Hi friends: Currently, I am trying to quantize a model based on tutorial (http://tvm.apache.org/docs/tutorials/frontend/deploy_quantized.html#sphx-glr-tutorials-frontend-deploy-quantized-py). however, when I was trying to set data_ware = True to quantize my model, it has the following error:
Here is my quantize method:def quantize(mod, params, data_aware):
print("starting quantize your model ... ")
if data_aware:
list_of_files = glob.glob("/data00/cuiqing.li/image_text_1k/*")
with relay.quantize.qconfig(calibrate_mode="kl_divergence", weight_scale="max"):
mod = relay.quantize.quantize(mod, params, dataset=calibrate_dataset(list_of_files))
else:
with relay.quantize.qconfig(calibrate_mode="global_scale", global_scale=8.0):
mod = relay.quantize.quantize(mod, params)

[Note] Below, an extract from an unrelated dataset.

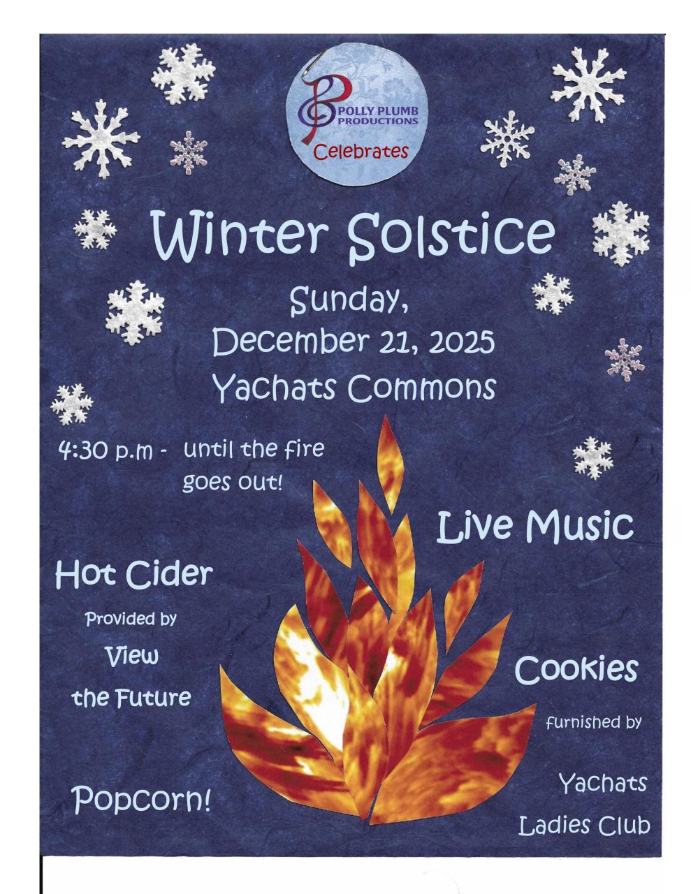 Winter Solstice Celebrates Saturday, December 21, 2024 Yachats Commons Pavilion 4:00 until 7:00 pm Cookies furnished by Yachats Ladies Club Hot

print("finished quantizing your model ... ")
return mod
and here is my definition of calirate_dataset()
def image_reader(image_path):
my_image = Image.open(image_path)
my_image = my_image.resize((640, 640))
data = asarray(my_image)
data = np.transpose(data, axes=[2, 0, 1])
data = np.expand_dims(data, axis=0).astype("float32")
return data
def calibrate_dataset(list_of_files):
for i, file_name in enumerate(list_of_files):
print(file_name)
print(i)
data = image_reader(file_name)
yield {"data": data}
For me, it looks like memory space is not enough, is there someway to solve this?